Иногда мы ездили в Росток к тете Анни, а оттуда — в Варнемюнде, купаться в море. Там был такой же, как в Арендзее, белоснежный песок, те же пляжные корзины с пестрополосыми навесами. Не было только сосен. Вместо этого было гораздо больше особняков, гостиниц, пансионатов, широкая набережная. Излюбленным местом прогулок был мол с маяком, иногда мы ездили оттуда на небольшие пароходные прогулки. Мне нравился уже сам путь от вокзала к морю: мост через один из протоков Варнов, мачтовый лес рыбацких лодок — именно в этом месте доносился прекрасный запах морской тины. Потом тенистые улицы с магазинами, нарядные загорелые люди, и уже в конце — залитая солнцем набережная.

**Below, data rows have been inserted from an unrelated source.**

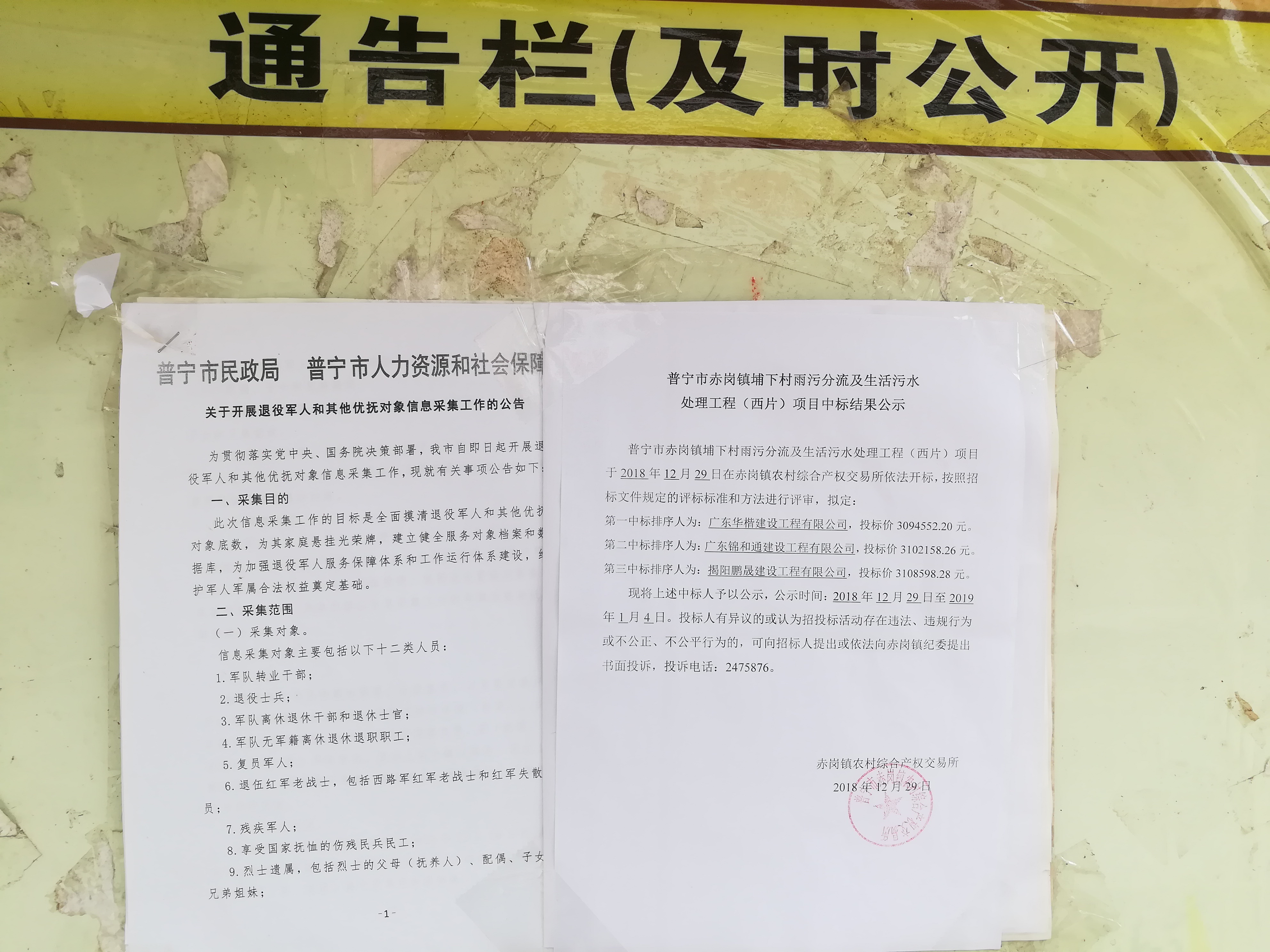 普宁市赤岗镇埔下村雨污分流及生活污水处理工程(西片)项目招标结果公示
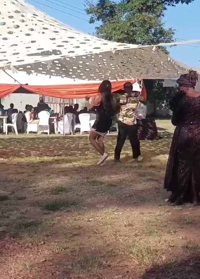 daytime outdoor event with a large white tent decorated with orange fabric. People are seated at tables under the tent. In the foreground, a woman in a long brown sequined dress stands while a man and a woman dance in front of her. The man wears a patterned shirt and dark pants, and the woman wears a short black dress and white shoes. They are holding hands and spinning around. A few other people are visible in the background. The ground is covered with dry grass and leaves. There is a large tree to the right of the tent. The sky is blue and clear.
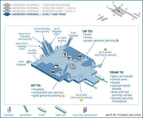 Our first task was to create 39 separate maps for travelers using their website. Using research based on field observations and staff interviews, all of the concourses, terminals, parking options and task-based maps were visualized from the most appropriate vantage point.
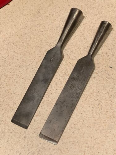 Vintage lot of TWO 1-1/4 wood chisels. GEO PARR, FULTON
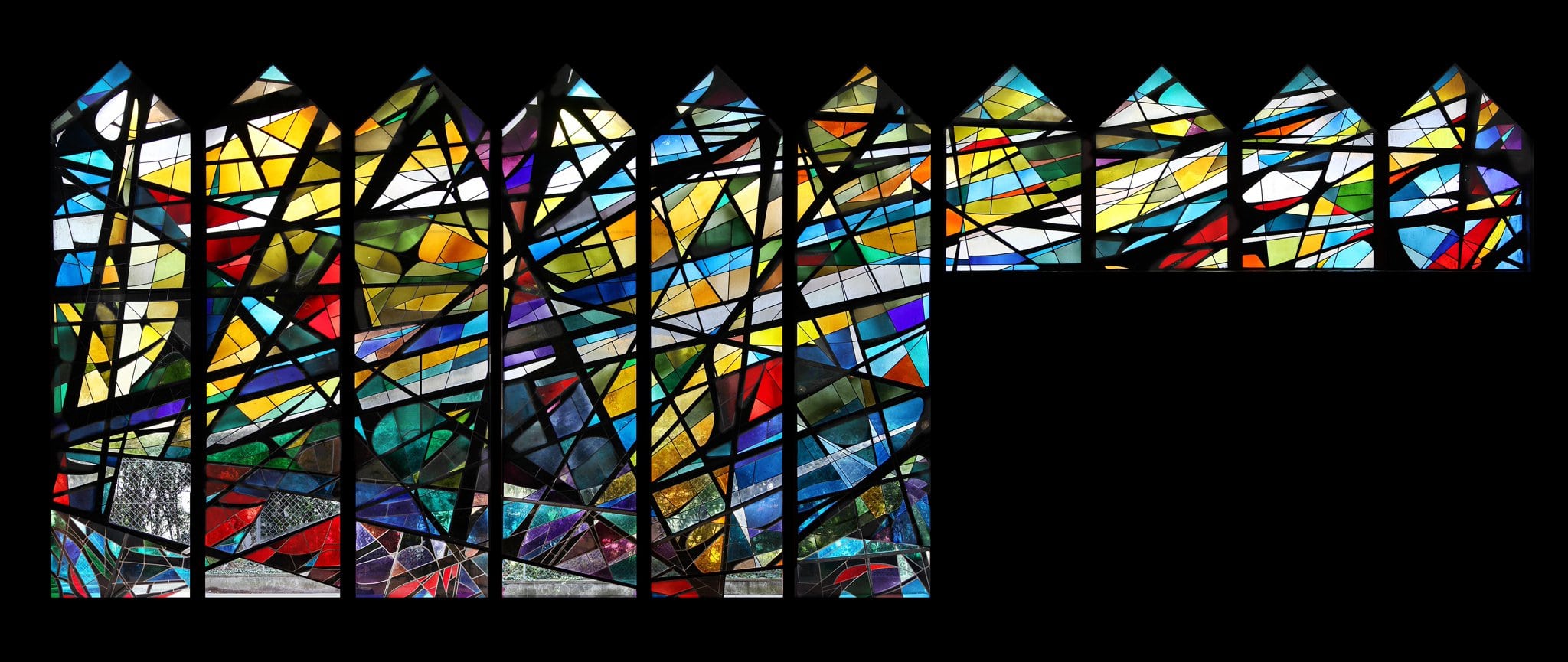 Vitrail monumental abstrait composé de dix panneaux dans les tons de jaune, rouge, vert et bleu.
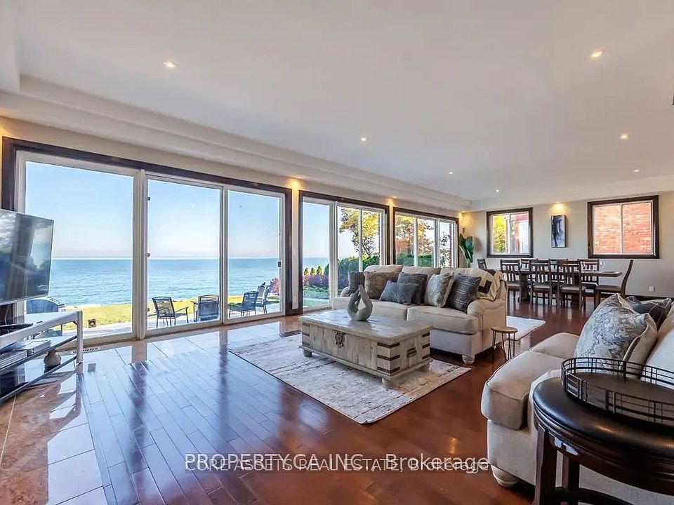 Gorgeous Lakefront Residence! This magnificent home showcases an inviting layout that backs onto Lake Ontario. The sprawling main floor presents awe-inspiring views of the lake from every angle. With soaring ten-foot ceilings, gleaming hardwood floors, a charming wood-burning fireplace, and numerous walkouts to the waterside patio, it's an entertainer's dream. Upstairs, three generously sized bedrooms await, two of which boast access to a balcony for enjoying the picturesque lakefront scenery. The master suite is a lavish sanctuary complete with a deluxe 5-piece spa-style bathroom. Recently renovated, the basement now offers an additional 3-piece bathroom, living area, and two extra bedrooms. Situated conveniently close to the highway, it provides effortless commuting to Hamilton or Toronto.
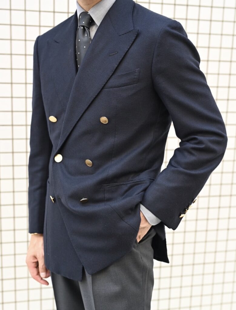 ですがその肝心の理由を聞き忘れてしまいました。ダブルはただでさえ重厚感があるから、着丈はやや軽めにした方がバランスが取れるから?(私の推測です)

Иногда мы ездили просто в Росток. Тетя Анни снимала там комнатку, такую тесную, что в ней негде было повернуться. И мы целый день гуляли по берегу широкой Варнов, где рыбаки всегда продавали вкуснейшую свежую камбалу, ходили к другой бабушкиной сестре, тете Греве, которая жила высоко над крышами в мансарде и у которой в комоде было огромное множество красивых старинных открыток. У ее дочери Марты Рат были две девочки — некрасивая длинноносая, с толстыми косами Урзель и веселая озорная Ингрид. Но этих девочек я видела только мельком. В Ростоке был прекрасный ухоженный парк с прудами и беседками. Однажды я устроила там грандиозный скандал из-за камыша. Два часа я ревела в голос, чтобы родители сорвали мне хоть один рогоз. Мне говорили: он специально посажен в пруду для красоты, и вообще, ходить по газонам и что-то рвать строго воспрещается; если папа и не утонет в пруду, то уж наверняка придет полиция и надо будет заплатить большой штраф. «Ну и что же, — орала я, — вас же не убьют и не арестуют, что у вас, денег, что ли, нет? Заплатите этот штраф и сорвите мне камыш». Папа даже сфотографировал, как я реву по поводу этого камыша: я была безутешна. В этом же парке потом была выставка георгинов, и мы ходили смотреть цветы. Море цветов всех оттенков, вдали — освещенное кафе, где кто-то поет с ансамблем сладкие неаполитанские песни, по темным дорожкам медленно прохаживаются люди, чаще парами, любуются цветами и говорят шепотом, как в музее. Меня охватили мечты я не знала о чем… Я прижималась щекой к папиной руке.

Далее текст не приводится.